Supply chain champions

It’s clear that the fallout from this year will affect decommissioning execution and forecasting over the medium term. Even though operators like Chrysaor and Shell have been able to forge ahead with topsides and jacket removals, a considerable volume of work has still been pushed to the right, particularly on the wells front. At the same time, the acceleration of COP at some assets means contractor schedules may become increasingly pressured in the coming years.

In addition to championing the value of long-term flexible contracting, Shell U.K.’s William Lindsay warns of the danger of  speeding up COP processes without due considerations: “Generally the  most cost effective  decom is done when you prepare for decom whilst still operating [and undertake] well decommissioning in parallel with production… What comes after that is relatively low cost for the operator. With the acceleration of COP at a number of developments, without that preparation time, it means that ultimately they will likely pay more in the long run.”

He is equally concerned over the potential for mass schedule changes across the whole industry, in light of the disruption caused by COVID-19. Again, he says, long-term flexible agreements are key to ensuring that the supply chain has the certainty of campaigns of work: “If everyone changes plans continually then the supply chain won’t invest and do things at very low margins, which really restricts innovation. In an evolving industry you need innovation to reap the benefits, not tomorrow but in the longer term.”

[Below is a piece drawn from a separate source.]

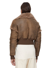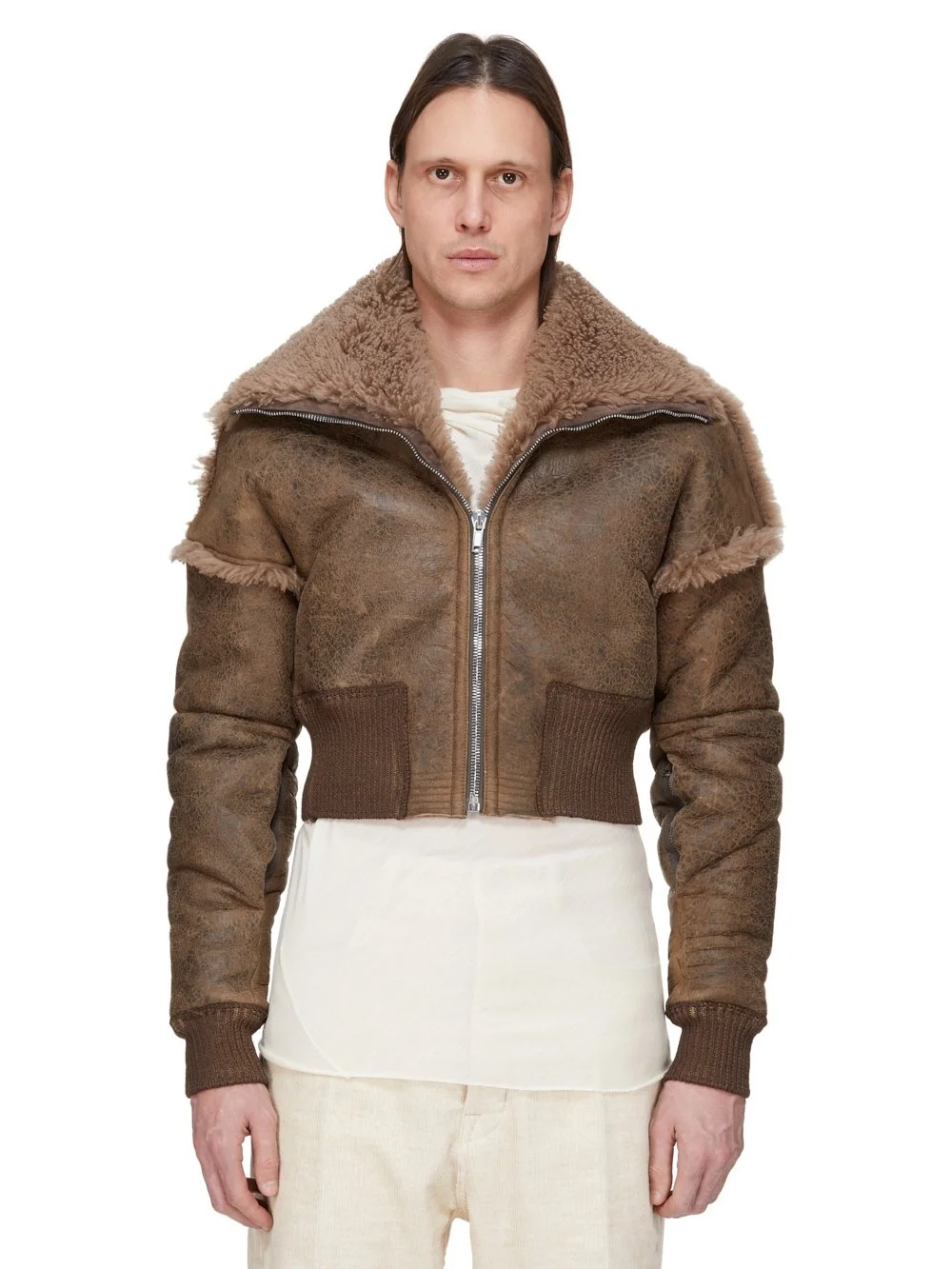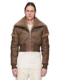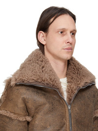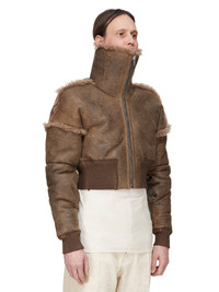 RICK OWENS FW25 CONCORDIANS RUNWAY DRACUCOLLAR JKT IN DNA DUST CURLY SHEARLING THIS DRACUCOLLAR JKT IS WAIST LENGTH WITH LONG SLEEVES AND A DROPPED SHOULDER. IT HAS A CENTRE FRONT ZIPPER CLOSURE AND A WIDE RIBBED WAISTBAND CUFFS AND A CONCEALED ZIPPER POCKET IN THE LEFT FOREARM. IT FEATURES AN EXTENDED LENGTH COLLAR THAT CAN BE WORN UP OR DOWN AND HOLDS ITS SHAPE THANKS TO IT BEING REINFORCED WITH FUSING MATERIAL. IT IS FULLY LINED AND HAS TWO INTERNAL ZIPPERED POCKETS. THIS HEAVYWEIGHT SHEARLING LAMB LEATHER HAS A WAXY NAPPA FINISH AND A SOFT NATURAL FUR TANNED IN THE TUSCANY AREA OF ITALY, THESE SHEARLING MERINO HIDES ARE OF SPANISH ORIGIN, THE UNIQUE THICK FUR OF THESE ANIMALS MAKE THEM PERFECT FOR SHEARLING. BECAUSE THE HAIR IS NATURAL, THERE WILL BE VARIATIONS IN HAIR LENGTH AND TEXTURE, MAKING EACH PIECE UNIQUE THIS TANNERY IS LWG CERTIFIED WITH A SILVER RATING COLOR: DNA DUST MATERIAL: 100% LAMB SHEARLING REAL FUR KNIT RIB CUFFS AND BOTTOM 94% NEW WOOL + 5% NYLON + 1% ELASTANE ZIPPER EDGE 100% CALF LEATHER MODEL IS 189CM TALL MODEL WEARS SIZE 48

Chrysaor’s Robert Stevenson is also keen to stress the importance of education and feedback from successful campaigns, to help contractors avoid inefficient execution methods or outdated technology. “Lots of companies will want to be involved in decommissioning – but are they going to adapt and change? Because that’s what’s needed. I think there is a lot of education required. Everybody wants a piece of it, whether they can do it or not, and many approaches tend to be: ‘We’ll learn as we go.’”

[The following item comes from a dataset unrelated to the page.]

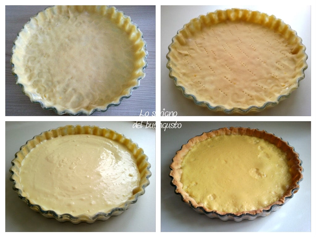 Preparar la masa quebrada poniendo juntos todos los ingredientes gradualmente y trabajando todo con una batidora para dulces, luego poner la mezcla en una superficie de trabajo y continuar amasando hasta obtener una bola.

Nevertheless, the feedback from operators during an unprecedented year is glowing – and contractors and the wider industry supply chain clearly have plenty to be proud of in their performance. “This year’s unprecedented challenges including the pandemic and volatile commodity prices have given our world-class but hard-pressed supply chain the chance to test its mettle, with strong evidence that operators and contractors are working effectively to improve efficiency and delivery of safe and environmentally sensitive decommissioning,” adds Joe. “Maintaining momentum and providing focus and initiative towards areas of less activity, such as well decommissioning, is key if we are to ensure the UK becomes a centre of excellence, leading the way and exporting its expertise around world as other basins mature.”

“This is their time of need, lets fight with them so they can continue to do a good job,” he adds.

As William concludes: “The ability to continue to do activity when so many other industries have ground to a halt, it has to be acknowledged that the supply chain supporting us this year have done an amazing job… I think it is a very good example of the fact that we can really rely on the supply chain to deliver.”

This article first appeared in the Autumn 2020 Issue of Wireline.